I searched for a suitable controller and found it in the Arduino Micro Controller.

Arduino is an Italian based company that produce and support these controllers.
They are used around the world by makers and project builders like myself.
They are possibly the most popular and most used Micro Controllers in the Electronic Enthusiast Community.

For those unfamiliar with the Arduino family of microcontrollers, there are many variations.
My choice of model was the "Arduino Every". It is a new rendition of their very popular Nano Controllers.
The software described below will however work just as well on the Uno and Nano boards.

These boards are typically used as Stand-Alone controllers.
This meaning that they are small PLCs - Programmable Logic Controllers - capable of running complex code and making decisions independently .

I however intended to use them in a very different manner.
I wanted them to operate as my interface between the virtual and real worlds.
It will sense its environment and pass this information on to the PC.
The software running on the PC will make the relevant calculations and decisions and pass the output instructions back to the Arduino in order to interact with the real world.

The purpose of this post is to offer my software to fellow makers and enthusiasts who require a means of allowing their software to interact with the real world.

The software is divided into two parts.

The Arduino - which uses a variation of the "C" programing language.
The PC - whose software is written in Visual Basic.

This software is not suited for someone who is looking for a plug and play solution.
This is intended for Makers and DIY Enthusiasts who will plug this software into their own projects.
The Arduino C code does not require any interaction other than changing the Station Address.
- int ArduinoAddress = 0;
The Visual Basic Software does however require a reasonable familiarity with the language and the ability to write code.
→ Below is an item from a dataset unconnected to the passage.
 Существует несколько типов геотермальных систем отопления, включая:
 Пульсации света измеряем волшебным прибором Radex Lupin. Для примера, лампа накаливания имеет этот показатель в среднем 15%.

I wrote this software as a standalone piece of code that can be easily plugged into other projects in order to add real world interaction to any VB project.
It has the ability to interface with 10 Arduinos simultaneously.
The only interaction with the App that it is being added to, is the exchange of a 15 digit text string.
This makes it really simple to interface with any other application built in VB.

Following below will be a description of the operation of the code.
Below will be the complete C and VB code available for download in text format.

This is the GUI. Very stark and functional yes, but it is intended to run in the background.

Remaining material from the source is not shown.